Le bégaiement a déjà fait l’objet de multiples ouvrages, mais on en trouve peu qui s’adressent aux parents et aux intervenants sans adopter un angle alarmiste où le bégaiement est systématiquement vu comme une souffrance. Grâce à ma formation et à mon expérience personnelle et professionnelle, je souhaite vous apporter un nouvel éclairage sur le sujet, avec une vision originale, des propos vulgarisés et accessibles ainsi que des exemples relatifs à différentes situations. En effet, le sujet est loin d’être épuisé. Ce livre se veut éducatif et convivial, porteur d’informations fouillées et de stratégies pratiques, applicables au quotidien pour amener les enfants, les adolescents et les adultes qui gravitent autour d’eux à bien vivre avec le bégaiement. Que votre enfant bégaie depuis peu ou depuis plusieurs années, que vous soyez un parent ou un professionnel œuvrant auprès d’enfants bègues, vous avez un rôle clé à jouer. Non, vous ne trouverez pas dans cet ouvrage de «recettes» toutes faites pour éliminer le bégaiement en quelques jours (comme le proposent beaucoup trop de sites Web), mais vous y trouverez certainement des réponses à vos questions concernant des situations particulières. Je vous invite à mieux comprendre le bégaiement pour savoir mieux vous y prendre!

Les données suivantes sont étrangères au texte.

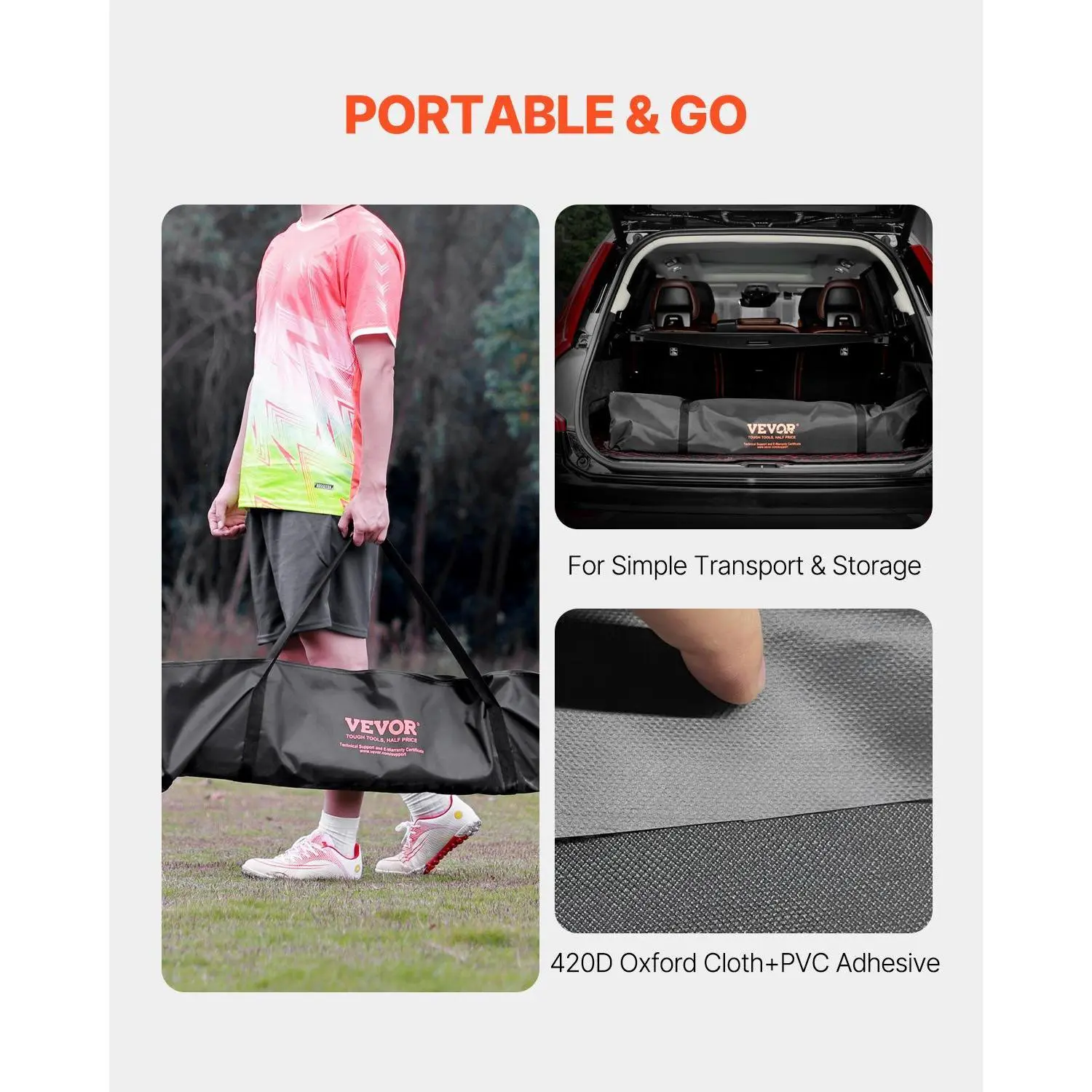 • Portable & Convenient: Designed for on-the-go fun, our portable soccer goal comes with a convenient carrying bag made from 420D oxford cloth and PVC adhesive. This bag simplifies transportation and storage, allowing you to take the game wherever you desire effortlessly.

1.L’emploi du masculin pour désigner des personnes n’a d’autres fins que celle d’alléger le texte.
INTRODUCTION
«Entre ce que je pense, ce que je veux dire, ce que je crois dire, ce que je dis, ce que vous avez envie d’entendre, ce que vous croyez entendre, ce que vous entendez, ce que vous avez envie de comprendre, ce que vous comprenez, il y a dix possibilités qu’on ait des difficultés à communiquer. Mais essayons quand même.»
Bernard Werber
Qu’ont en commun Aristote, Winston Churchill, Albert Einstein, Marilyn Monroe, Isaac Newton, Jean-Jacques Rousseau, Tiger Woods et Bruce Willis? Ces célébrités ont toutes bégayé. Selon les plus récentes recherches dans le domaine, jusqu’à 10% de la population présenterait un bégaiement à un moment ou à un autre de la vie, particulièrement durant l’enfance, et ce problème d’élocution persisterait chez 1% des gens. Pourtant, le bégaiement demeure un phénomène mal compris. Encore aujourd’hui, beaucoup de préjugés sont associés à ce trouble de la communication. Bien que pratiquement tout le monde connaisse ou ait été amené à interagir avec quelqu’un qui bégaie, on parle très peu du bégaiement dans les médias, contrairement à d’autres problématiques auxquelles le public est de plus en plus sensibilisé, comme l’autisme ou le trouble déficitaire de l’attention avec ou sans hyperactivité (TDAH). En 2011, la sortie du film oscarisé Le discours du roi (The King’s Speech), qui raconte l’histoire vraie et méconnue de l’arrivée au pouvoir du roi d’Angleterre George VI (père de la reine Elizabeth II), de son combat contre le bégaiement et de son amitié avec son orthophoniste aux méthodes atypiques, a ravivé l’intérêt de la population pour ce trouble de la parole qui reste bien mystérieux.
Un petit
plus
L’orthophonie est un domaine très vaste qui concerne tout ce qui touche de près ou de loin à la communication humaine. L’orthophoniste est la professionnelle2 qui, par différents moyens, prévient, évalue et traite les troubles de la communication, du langage oral et écrit, de la parole, de la voix et de la déglutition.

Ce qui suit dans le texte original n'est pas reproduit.